**YOUR GOAL**
Pictures are to be left out, and only the lines below starting at the one with "Sanita Набор: Спрей" and ending at the one with "religioso o sacramento." are to be reproduced, each exactly, both ends included.

**STORED DATA**
BEGIN

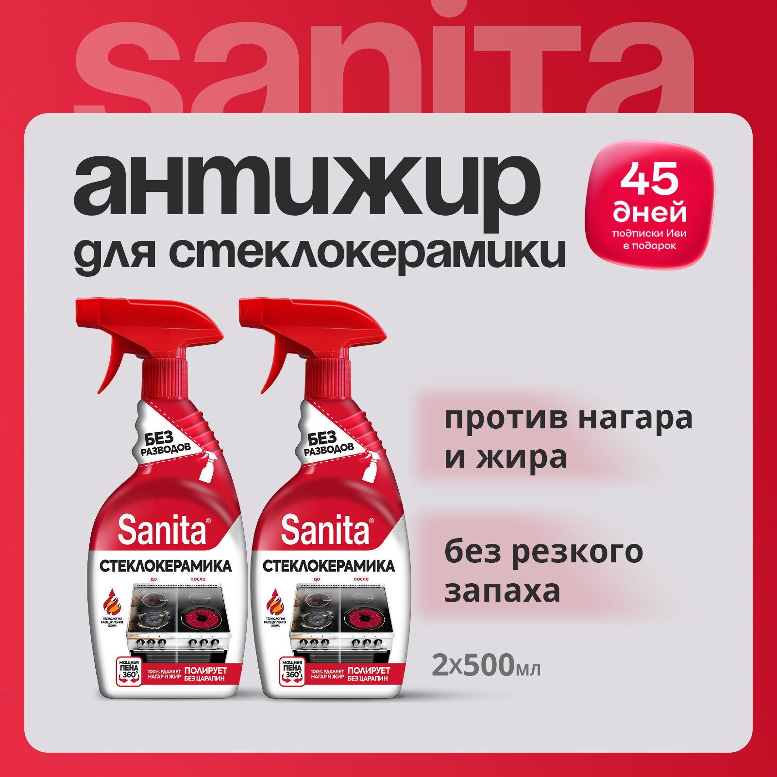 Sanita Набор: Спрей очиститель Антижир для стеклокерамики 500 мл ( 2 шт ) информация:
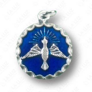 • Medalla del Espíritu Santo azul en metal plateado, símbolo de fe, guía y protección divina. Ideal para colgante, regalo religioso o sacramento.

END
BEGIN

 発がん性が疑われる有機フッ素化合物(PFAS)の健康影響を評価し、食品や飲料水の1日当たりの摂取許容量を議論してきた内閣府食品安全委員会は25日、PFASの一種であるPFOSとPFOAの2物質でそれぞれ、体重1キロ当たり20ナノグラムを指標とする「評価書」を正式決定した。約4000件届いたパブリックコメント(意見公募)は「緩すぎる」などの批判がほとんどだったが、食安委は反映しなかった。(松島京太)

END
BEGIN

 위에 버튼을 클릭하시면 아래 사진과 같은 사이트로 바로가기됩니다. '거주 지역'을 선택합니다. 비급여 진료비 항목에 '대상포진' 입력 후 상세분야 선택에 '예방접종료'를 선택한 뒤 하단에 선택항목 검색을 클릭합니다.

END

**ANSWER SECTION**
 Sanita Набор: Спрей очиститель Антижир для стеклокерамики 500 мл ( 2 шт ) информация:
 • Medalla del Espíritu Santo azul en metal plateado, símbolo de fe, guía y protección divina. Ideal para colgante, regalo religioso o sacramento.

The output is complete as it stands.